Epistemic community and the Synthese boycott 
Brian Leiter is calling for a boycott of Synthese. He gives details of the case at his blog, but the gist of it is this: The January issue was a special issue on the theme Evolution and its rivals. It included a paper by Barbara Forrest excoriating intelligent-design mountebank Francis Beckwith. The ID flak machine went to work long before the issue appeared. There was discussion of adding a disclaimer or revising the paper, but (after much ruckus) the guest editors were assured that the issue would appear without such tampering. In the end, however, the print version of the issue contained an apology from the journal editors for breaches of the "usual academic standards of politeness and respect." Some of the papers, they say, "employ a tone that may make it hard to distinguish between dispassionate intellectual discussion of other views and disqualification of a targeted author or group."

The guest editors of the issue are understandably miffed. Leiter leads with the headline Synthese Editors Cave in to Pressure from the Intelligent Design Lobby, and that doesn't seem overblown. The editorial note basically condemns some of the papers in the issue for resorting to ad hominem. The editor who wrote it were bungling, craven, duplicitous, or some combination of these.

I have published in Synthese in the past, and I have a paper working its way through their editorial process right now. If my present paper were just a regular submission, I would withdraw it.

The bind for me is that my paper was prepared for a special issue. The issue is on the theme The epistemology of inclusiveness. I was invited to submit the paper, I would not have written it but for the invitation, and the paper does not really make sense out of that context. Indeed, it's titled The epistemology of inclusiveness (or) Particular epistemic communities are always a mess.

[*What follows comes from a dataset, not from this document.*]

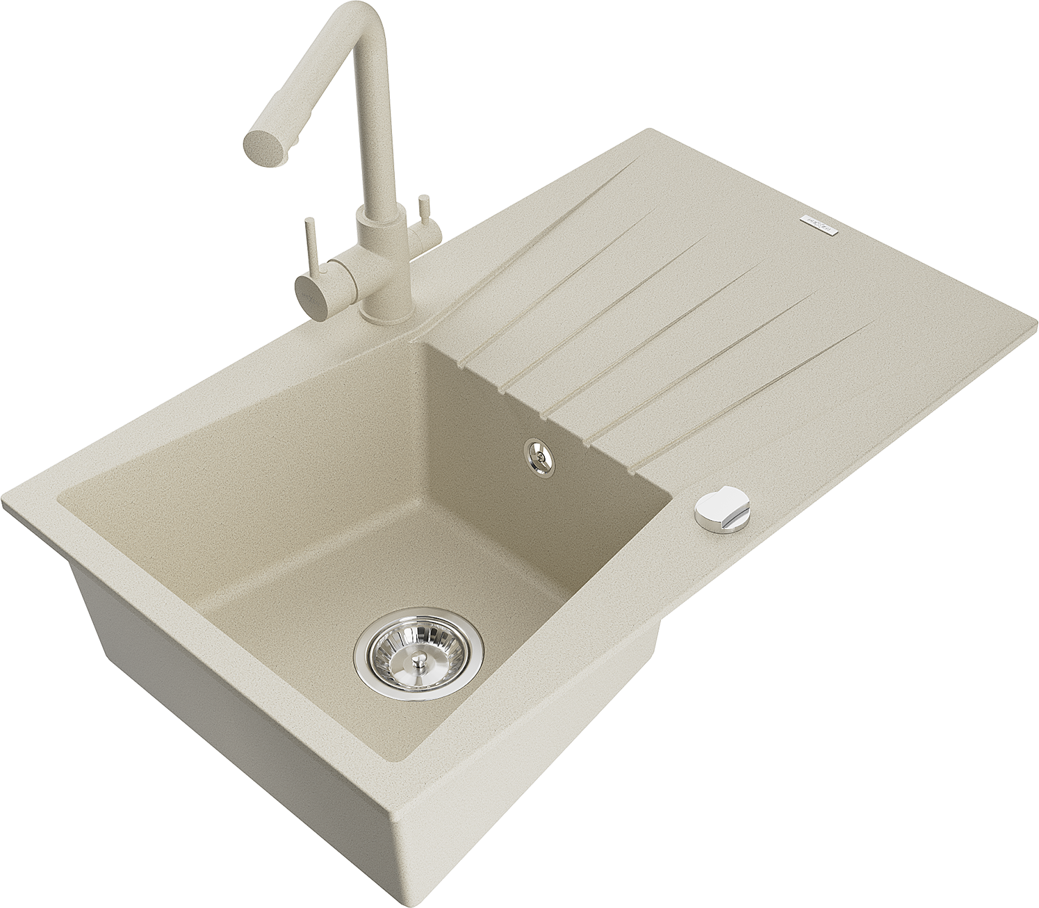 El fregadero está hecho de granito de alta calidad. Constituye un complemento elegante y, sobre todo, práctico para cualquier cocina, independientemente de su estilo. La alta calidad y durabilidad del granito aseguran un uso durante muchos años.

Of course, losing a publication for principle would not cost me too much. I have tenure, and one paper more or less won't make much difference for my CV. Yet the guest editors who invited me have put time into the issue, as have other authors. They may not be in a position to be as cavalier about it as I could be, and none of them were involved with caving in to pressure from ID hacks. So I think that I will not withdraw my paper from the special issue.

I will join the boycott to this extent: I will not submit anything else to Synthese or review papers for the journal until there is a satisfactory reckoning. An apology from the editors would help here, but what can they say?

Of course, I will also keep an eye on the case. The editors have not given their account of it publicly.